Many approaches exist that could help reduce water consumption for electric power generation, but technologies like dry and hybrid cooling and renewable energy have cost or intermittency issues that must be improved.
Since virtually all new alternative transportation fuels will increase freshwater consumption, major scale-up of these fuels must include approaches that use less water for growing, mining, processing, or refining.
Develop materials and water treatment technologies that more easily enable use of non-traditional water resources.
With freshwater supplies becoming more limited, wastewater reuse and non-traditional water use, including sea water, brackish ground water, and produced water will be needed.
New water treatment technologies that can meet emerging water quality requirements at much lower energy use will be important.
These improvements could reduce energy use for water treatment and pumping, while accelerating the use of non-traditional water resources in the energy sector, such as for cooling or for hydraulic fracking. Improve water assessment and energy and water systems analysis and decision tools.

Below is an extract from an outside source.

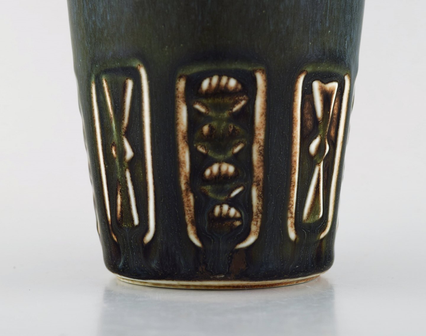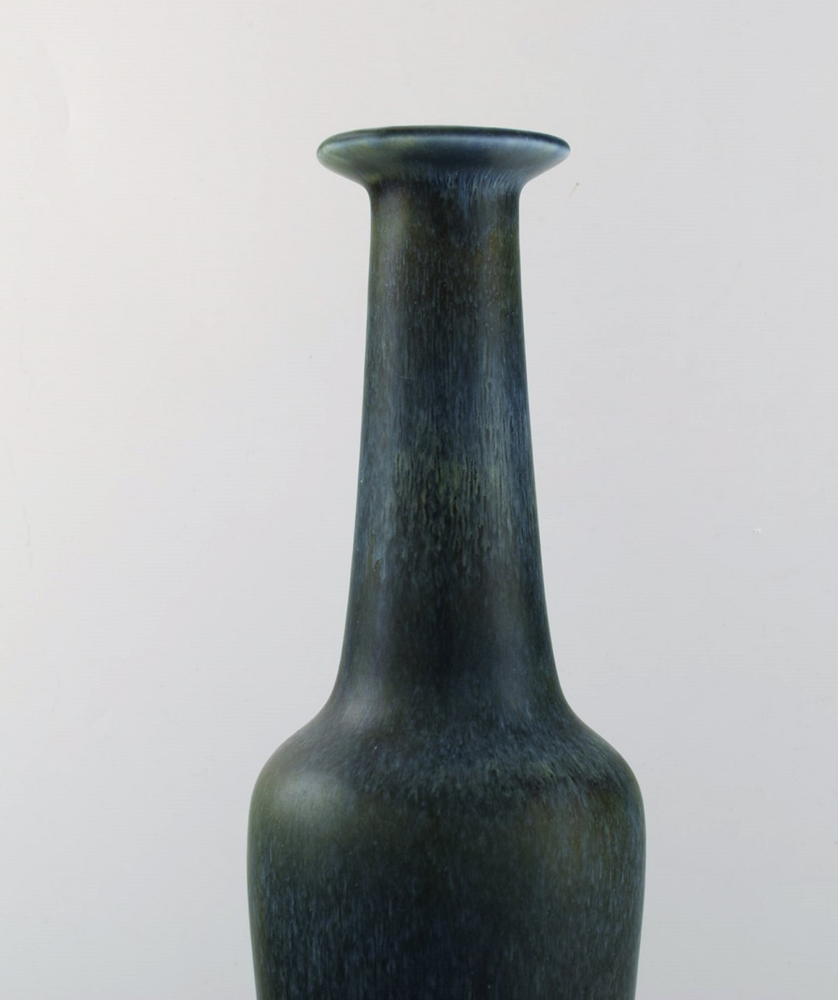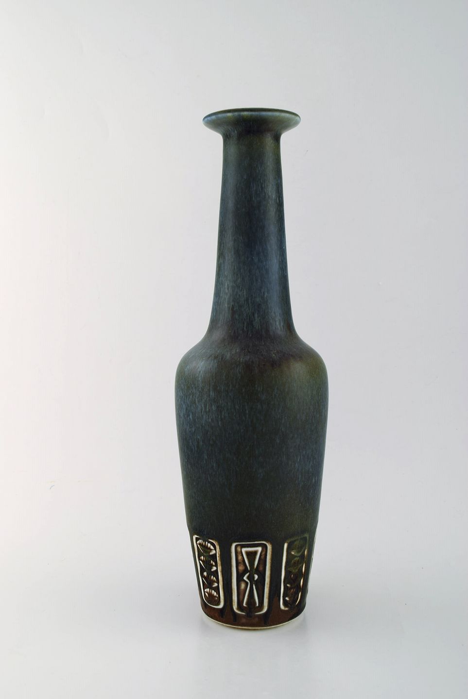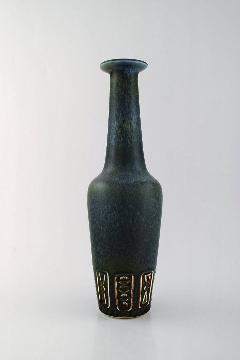 Stor Rörstrand/Rørstrand stentøjsvase af Gunnar Nylund. 1960'erne. Måler: 34 x 11 cm. I perfekt stand. Flot glasur i mørkeblå nuancer. 2. sortering. Stemplet.

Compounding the uncertainty of available water supplies is a lack of data on water consumption.
Improved water use and consumption data collection and better water monitoring are needed.
Improved decision support tools and system analysis approaches are also needed to help communities and regions better understand and collaborate to sustainably develop solutions that minimize freshwater demand and consumption.
From the private sector, companies and associations have already started to leverage their talent and resources to address these issues.
For example, EPRI and their power utility affiliates have initiated studies of new low-water use cooling approaches and have helped develop a $16 million large-scale testing facility at a power plant in the southeastern United States to test innovative, low water use cooling technologies.
In the oil and gas area, companies in both Canada and the United States have implemented approaches to use brackish water and water reuse in oil sands and hydraulic fracturing to minimize both the use of freshwater and wastewater disposal.
These efforts all support the broader focus of addressing a more balanced and sustainable use of natural and financial resources to support public health and economic development.
(The author advises US government on projects for future challenges.)